Nonnie, mistigri et moi.
Ça s’est passé dans les années 70. Avec moins de trente-cinq kilos pour mes dix ans accomplis, j’adorais aller au cinéma. La salle que je fréquentais n’était pas spécialement grandiose, mais je m’y sentais bien. Je m’y sentais chez moi. Le Colisée — en caractères rouges arrondis dont le haut du « C » n’en finissait pas — avait largement usurpé son nom même si, à la belle époque, durant les années fastes, il avait, on peut le dire, assez belle allure.
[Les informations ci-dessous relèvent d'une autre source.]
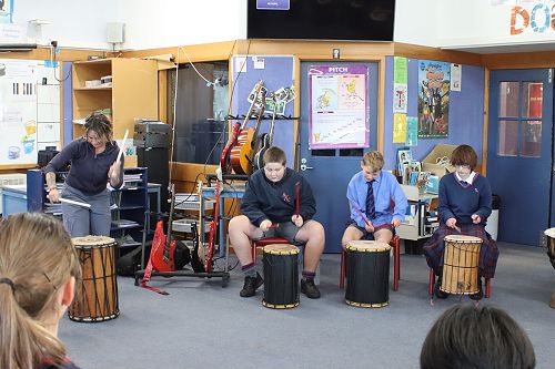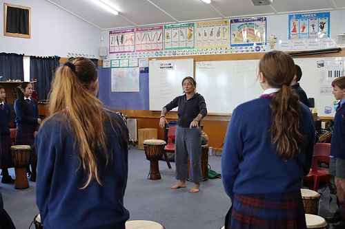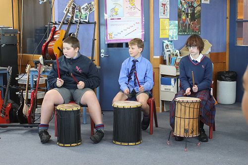 On Monday both our junior music classes were given a special treat when Ra McRostie visited our school with her djembe drums to give us all a lesson on West African drumming. Ra has travelled the world exploring drum and percussion sounds and has over 20 years of experience with these instruments.
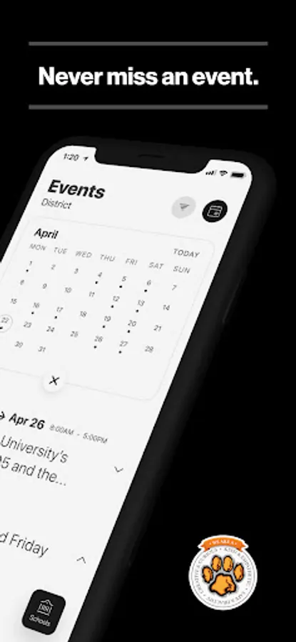 The event section shows a list of events throughout the district. Users can add an event to your calendar to share the event with friends and family with one tap.
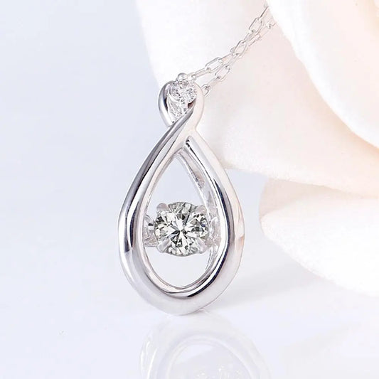 14k White Gold Dancing Stone Necklace Moissanite 0.11ct Center Stone

En tout cas, nous les riverains, on le trouvait pas mal, en définitive assez bien pour nous. On pouvait s’y entasser à trois cents sur des sièges un peu rustiques, mais quand même suffisamment confortables pour les fesses de ceux d’entre nous pesant moins de trente-cinq kilos. On s’y plongeait dans des films un tantinet élimés qui avaient fini par lasser les gens de la capitale. Mais à nous, les péquenots de Lessines, qu’est-ce que cela aurait-il bien pu faire ce qui se passait à Bruxelles et ce qui intéressait ou non les Brusseleers ?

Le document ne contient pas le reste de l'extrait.